Xe + 2PtF6 → XeF+(PtF6)- + PtF5 → XeF+(Pt2F11)-

- These were the first covalently bonded noble gas compounds to be synthesized, and their discovery began the study of the chemistry of the noble gases . In a matter of months, the compounds XeF, and XeF4 had been characterized.

- Other noble gas compounds soon followed 60 types of compounds of noble gas elements are now known, although the number is few in comparison with the other groups. The most known noble gas compounds of xenon and krypton.

- There is evidence for the formation of such radon compounds as RnF2, but the study of radon chemistry is difficult because of the high radioactivity.

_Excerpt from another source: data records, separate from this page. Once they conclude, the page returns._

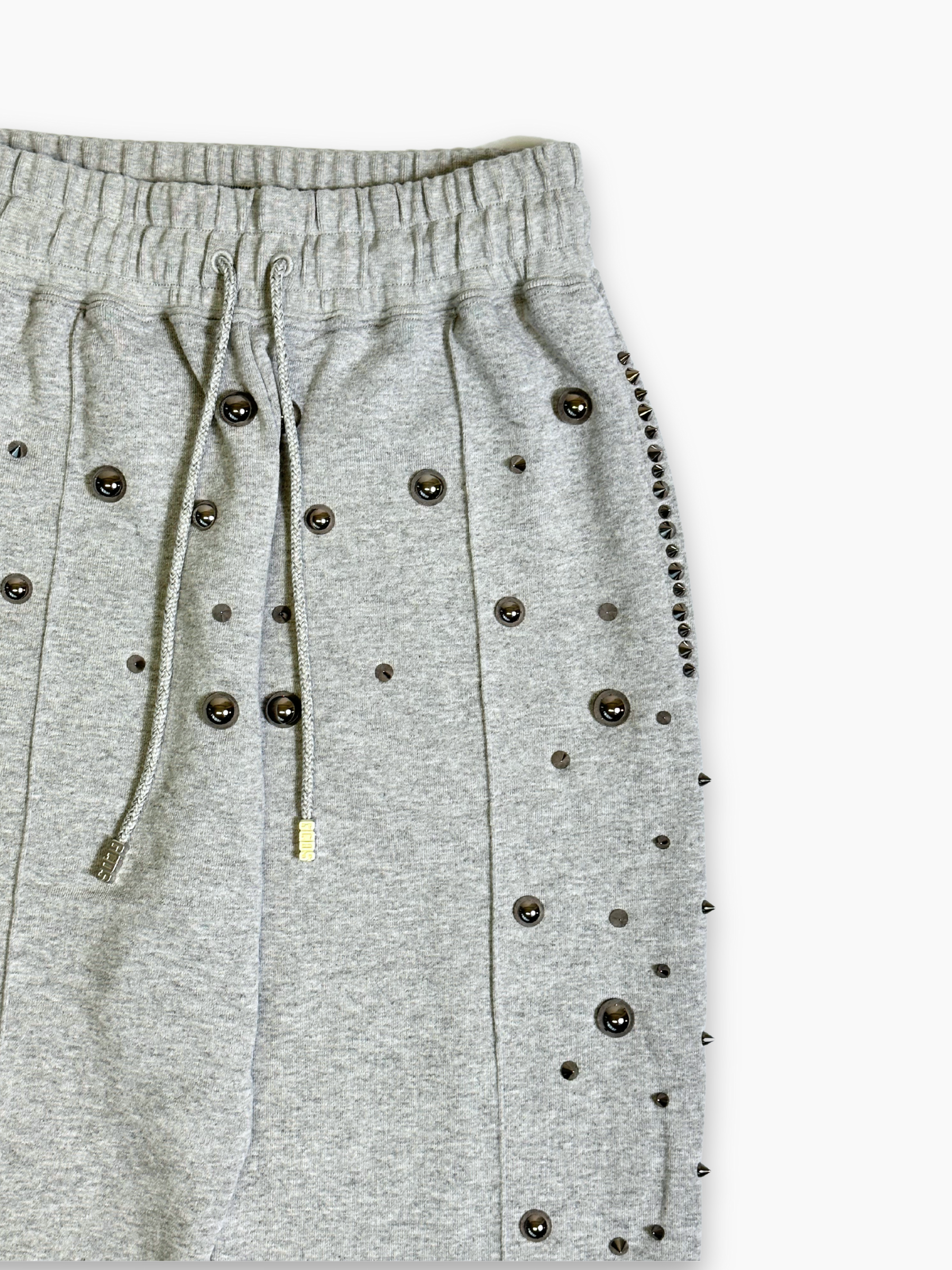 Pantaloni della tuta azzurri dal design distintivo, caratterizzati da una fila di borchie metalliche applicate lungo la gamba che aggiunge un tocco grintoso e contemporaneo. Realizzati in cotone morbido e confortevole, presentano una vestibilità relaxed perfetta per look streetwear quotidiani o outfit più fashion-forward. Un capo iconico che unisce comfort e carattere.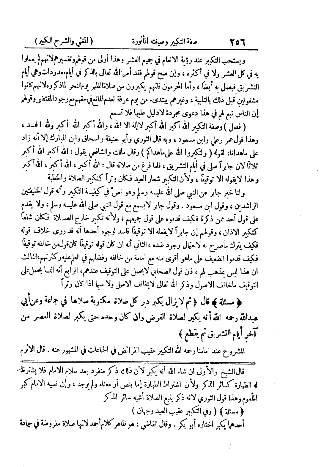 قال الشيخ والأولى إن شاء الله أنه يكبر لأن ذلك ذكر منفرد بعد سلام الامام فلا يشترط له الطهارة كسائر الذكر ولأن اشتراط الطهارة إما بنص أو معناه ولم يوجد، وإن نسيه الامام كبر المأموم وهذا قول الثوري لأنه ذكر يتبع الصلاة أشبه سائر الذكر * (مسألة) * (وفي التكبير عقيب العيد وجهان) أحدهما يكبر اختاره أبو بكر.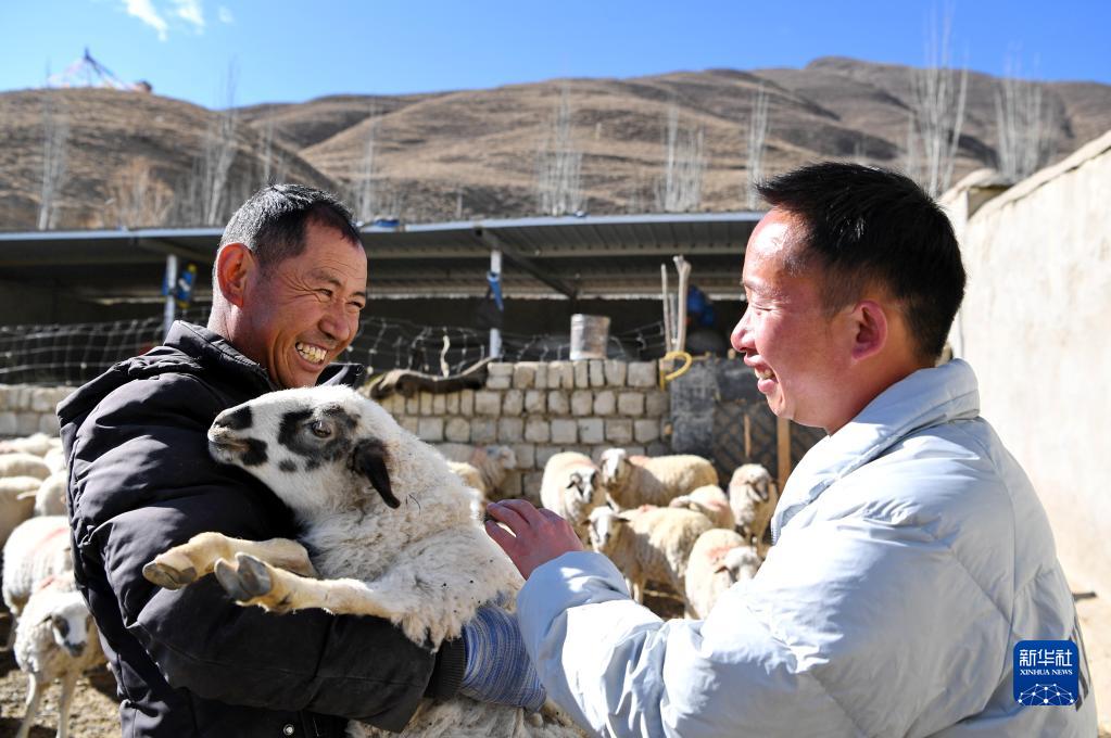 西卡學(xué)村養(yǎng)殖合作社負(fù)責(zé)人邊覺(jué)(左)在向西卡學(xué)村黨總支第一書(shū)記兼駐村工作隊(duì)副隊(duì)長(zhǎng)李德林介紹綿羊養(yǎng)殖及銷售情況(4月5日攝)。新華社記者 張汝鋒 攝
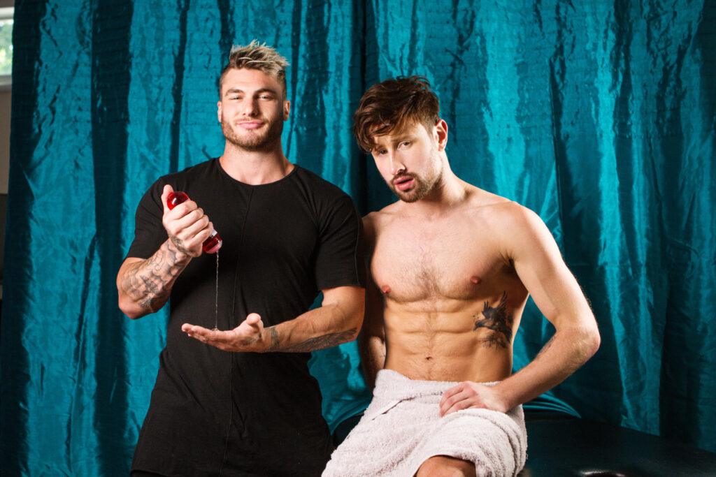 “Tall athletic hunk Drew Dixon paid top dollar for his two on one massage and when his masseurs show up late he’s furious. William Seed and his colleague try their best to make it up to Drew, but the brown-haired dude won’t quit his complaining. When Drew tells William to get really deep with his massage William takes it to heart, shoving his thumb into his tight hole. The blonde beefcake doesn’t stop there, sneakily fucking and stroking Drew behind a dividing curtain while his colleague is none the wiser. The two muscular men grope and grind, getting hot and heavy as William jackhammers Drew’s hungry hole. William gives Drew the hole-stretching ass pounding of a lifetime, making him beg for more as the tattooed super stud plows deeper and deeper into Drew until they both blow their thick loads all over the parlor.”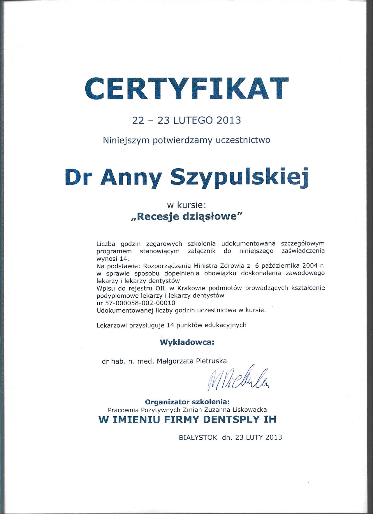 lek. dent. Anna Szypulska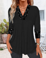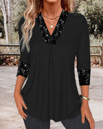 Afslappet ensfarvet patchwork plisseret top med pailletter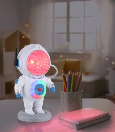 Stona lampa COSMO, sa svojim šarmantnim dizajnom astronauta, prava je atrakcija za svaku dečiju sobu ili kreativni radni prostor. Detaljno plastično kućište u beloj, sivoj i plavoj boji dopunjeno je providnim abažurom sa crvenim i srebrnim akcentima, unoseći futuristički izgled u svaki dom. Integrisana RGB LED lampa pruža raznovrstan spektar boja i može se podesiti na željenu boju pomoću dugmeta – idealno kao noćno svetlo ili za atmosfersko osvetljenje. Prekidač sa stepenastim podešavanjem omogućava jednostavno rukovanje. COSMO se napaja priloženim USB kablom ili USB kablom za punjenje (adapter nije uključen), što je čini svestranom za upotrebu – bilo na noćnom stočiću, stolu ili u pokretu. Sa ovom izvanrednom lampom, uronićete se u drugu galaksiju dok stvarate ugodnu i personalizovanu atmosferu osvetljenja. Savršena za male ljubitelje svemira i velike sanjare.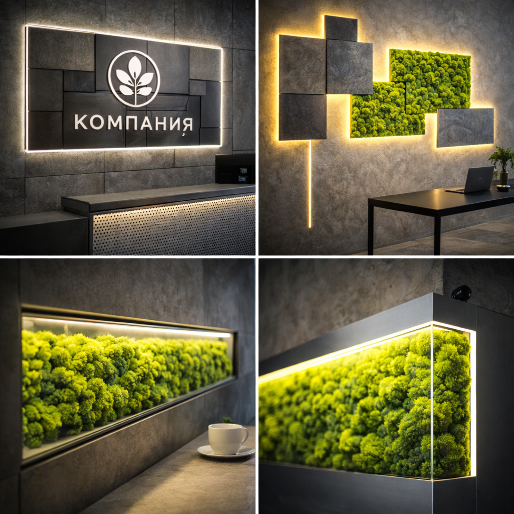 Логотип из мха + контурная подсветка + металл/акрил в основе - читаемо и технологично.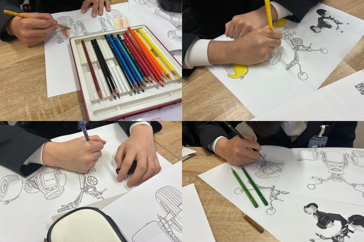 3輪電動バイク「EVトライク」のオリジナルカラー案を作成している様子
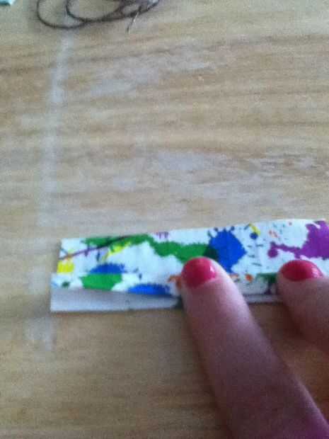 ¡¡¡Que te diviertas!!!Paso 1: corte...Corte un 9,5 en la tira de la cinta. Pliegan por lo que es una tira de 4,5 en cara, doble de cinta del conducto.Paso 2: pellizcos... Recoger la cinta en el medio.Paso 3: grabar...Use un pequeño trozo de cinta y c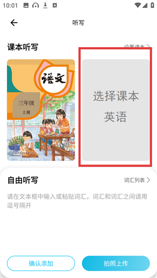 4、选定课本后点【确认添加】按钮,就能生成对应课本的听写内容,开始听写练习啦。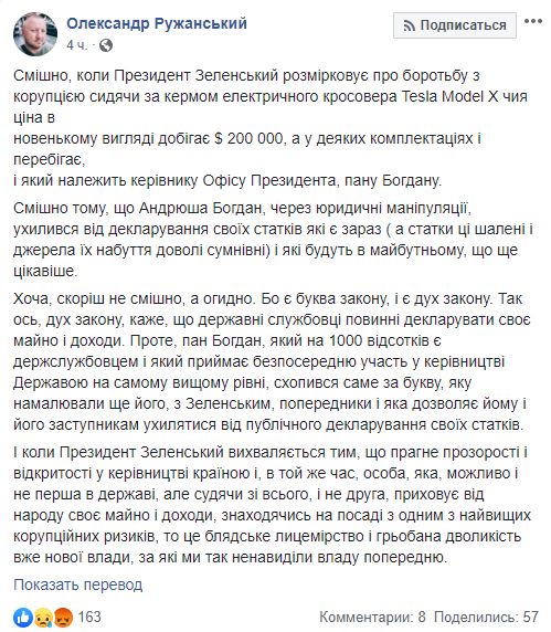 Отметим, что подавать декларацию о доходах господин Богдан формально не обязан. Поскольку есть решение Верховного суда еще во времена Порошенко, который пришел к удивительному заключению, что Администрация президента не является... государственным органом.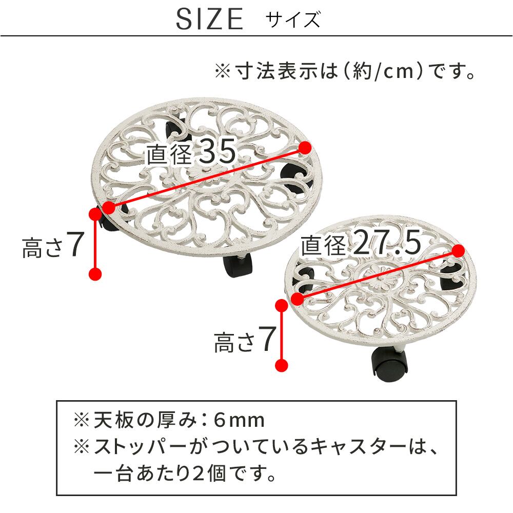 アイアン鋳物ならではのずっしりとした重みで安定感があり、大変しっかりした作りで実用的です。さらに、キャスター付きなのでお掃除も簡単です。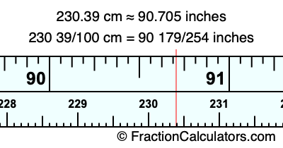 230 39/100 cm = 90 179/254 inches
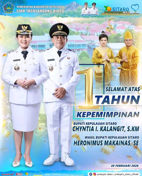 CHINTYA INGGRID KALANGIT, SKM, tidak terasa hari ini 20 Februari 2026 sudah setahun menakhodai negeri yang di juluki Karangetang, Mandolokang, Kolo-kolo, yaitu Kabupaten yang terbentuk dalam deretan 47 pulau, yang juga adalah sebuah daerah indah di utara bibir Pasifik. Kabupaten yang mempunyai Jargon Pemerintahan "MASADADA" (Maju, Sejahtera, Damai dan Dahsyat). Satu-satunya kepala daerah wanita di Sulawesi Utara ini, di beri julukan oleh masyarakat Sitaro "Srikandi Dari Nusa Utara." Pribadi pemimpin wanita yang tidak pernah tinggal diam dan dan tak pernah takut, walaupun daerah yang di pimpinnya adalah sebuah daerah kepulauan yang banyak kali harus berjibaku dan berhadapan dengan keras ombak lautan.
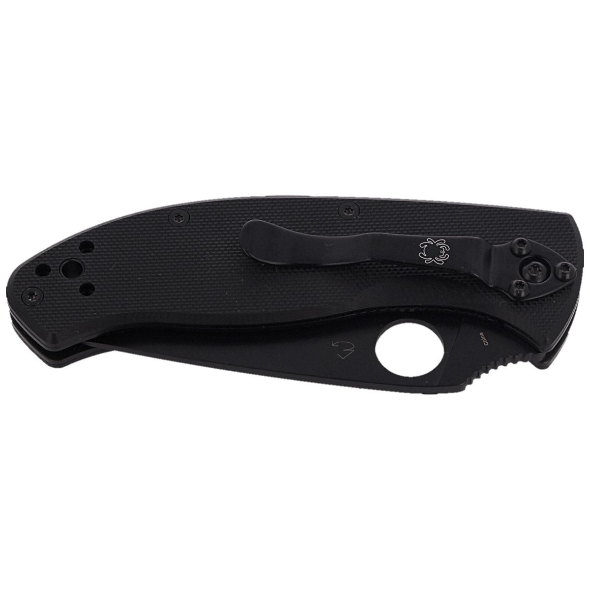 Głownia - o firmowym profilu Leaf-Shaped (kształt liścia), pokryta czarną powłoką. Ostrze Plain (gładkie) wyprowadzono szlifem pełnym płaskim (Full Flat Grind). Powiększone 14 mm okrągłe wycięcie SpyderHole (patent Spyderco) ułatwia otwarcie foldera zimnymi lub mokrymi dłońmi. Karbowany fragment grzbietu głowni, rampa (spine jimping) daje solidne podparcie dla kciuka co ułatwia operowanie nożem. Całość blokowana jest sprawdzoną blokadą Liner Lock.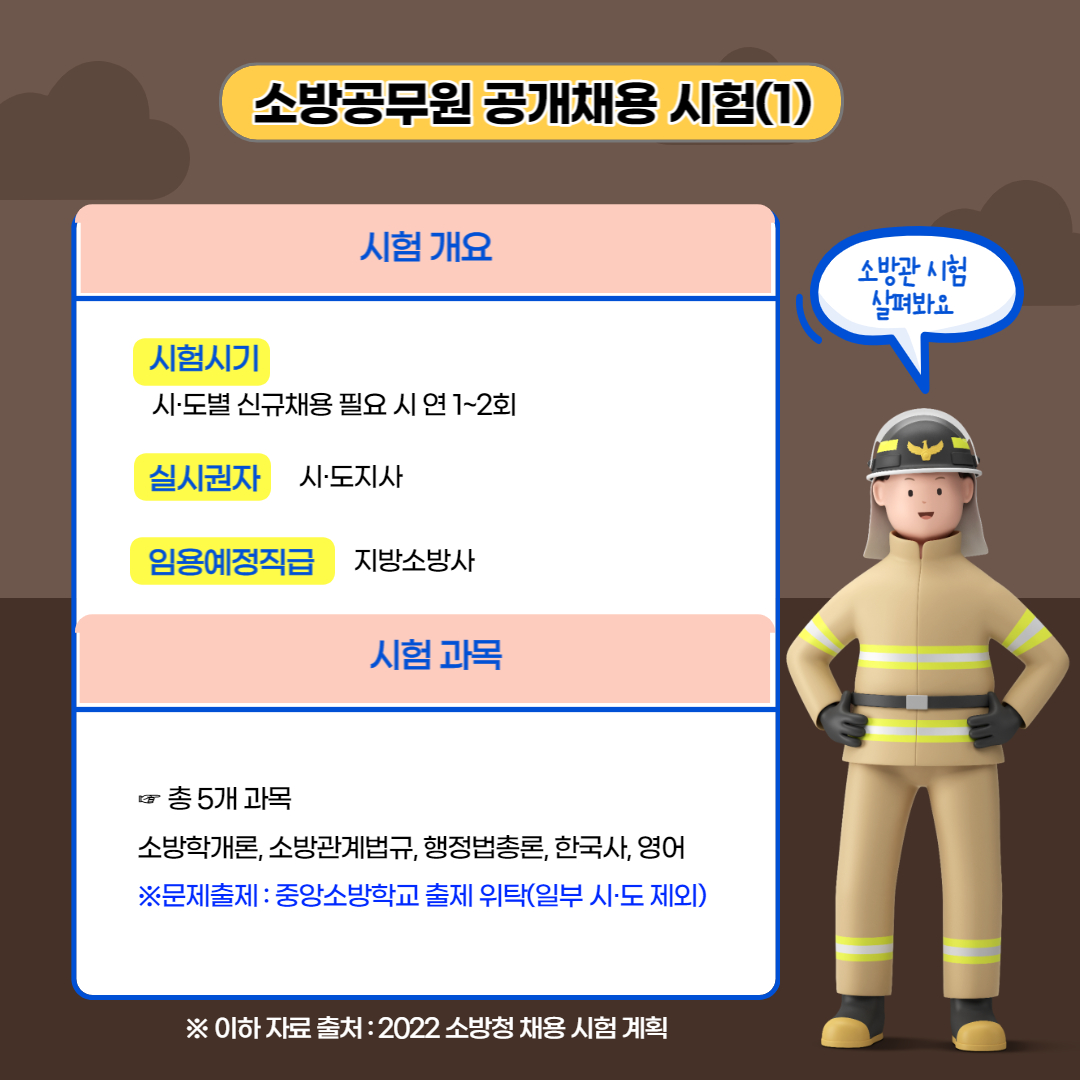 소방관 시험은 언제 있는지 궁금하시죠. 소방공무원 공채는 시·도별로 신규 채용이 필요할 때 연 1~2회 실시합니다. 시·도지사가 실시하는데요, 소방공무원이 지방직으로 전환됐잖아요. 그래서 합격 시 지방소방사로 임용됩니다.

- Recently, the first "stable" compound of argon, HArF, has been reported. Transient species containing helium and neon have been observed using mass spectrometry. However, most of the stable noble gas compounds are those of xenon with the highly electronegative elements F, O, and Cl; a few compounds have also been reported with Xe - N, Xe - C, and even Xe - transition metal bonds.

- Some of the compounds and ions of the noble gases are shown in Table:

- Several of these compounds and ions have interesting structures . For example, structures of the xenon fluorides have been interpreted on the basis of the VSEPR model (Figure).

XeF2 and XeF4 have structures entirely in accord with their VSEPR descriptions: XeF2 is linear (three lone pairs on Xe) and XeF4 is planar (two lone pairs). (see above figures)

- Krypton forms several species with fluorine, like the neutral KrF2. KrF2 exists in two forms in the solid. In the alpha form, shown in Figure. all molecules are parallel to each other, with eight molecules centered at the corners of the unit cell and a ninth centered in the cell.

Structure of XeF2

(Xe =yellow. F= green)

KrF2 (Kr=red, F= green)

(Xe2F11)2(NiF6)

(Xe=yellow, F=green Ni=blue

- Interest in using noble gas compounds as reagents in organic and inorganic synthesis is important because the byproduct of such reactions is often the noble gas itself. The xenon fluorides XeF2, XeF4, and XeF6 have been used as fluorinating agents for both organic and inorganic compounds. For example:

2SF4 + XeF4 → 2SF6 + Xe

- The oxides XeO3 and XeO4 are extremely explosive and must be handled under special care. XeO3 is a powerful oxidizing agent in aqueous solution. - The chemistry of krypton is much more limited, with fewer than a dozen compounds reported to date. The only neutral halide is KrF2. - The radioactivity of radon has made the study of its chemistry difficult; RnF2 and a few other compounds have been observed in few studies.